Heidi even framed it this way for Charlie: participating in this film with her would be his daily work. As critical as any work he’d ever done in his art director, pre-Alzheimer’s past, and maybe even more critical, as it would provide others with a rare window into the daily realities, for both him and his wife, of living with a diagnosis of dementia.
The film is not yet available in theaters or for streaming, but I can’t imagine, after the next few film festivals, it won’t be. And when it is, you can rest assured I will let you know how and where to screen it.
In the meantime, please enjoy this interview I did with Heidi over Zoom in the wake of having seen it.
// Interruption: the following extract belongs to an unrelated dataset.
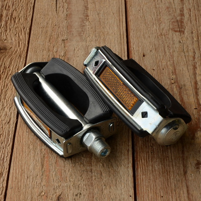 Pedale "Tourensportpedale UNION", schwarz, Blankteile chromatisiert, klassische Ausführung mit Rückstrahlern, auch für Sportmopeds passend, Gewinde 9/16 Zoll (Standardgewinde)

I took care of my father for several years before he passed at age 91. Being a caregiver is exhausting. Watching my father waste away and finally pass away before my eyes was traumatizing. You never really recover.
My family is in a version of this now. My dad is 99(!) with no memory loss, but his 94-year-old wife, my stepmother, is somewhere midstream. Since my brother and I do not live in the city where our dad is, we are fortunate to have found a caregiver who has taught me so much about how to create a gracious and dignified life for two very old people, one of whom cannot recall conversations from an hour prior. My stepmother will decline in this next year or so, and then we will have to adapt. There is so little support for families and caregivers. It’s as if we are meant to disappear. But my dad is still engaged with life and my stepmother still has enjoyable experiences. And they still share good times together. In a prior time we would all be living together, but now this doesnt happen. Some friends have talked about a kind of communal living experience, more humane and compassionate than current institutions. Thanks for sharing this very important post.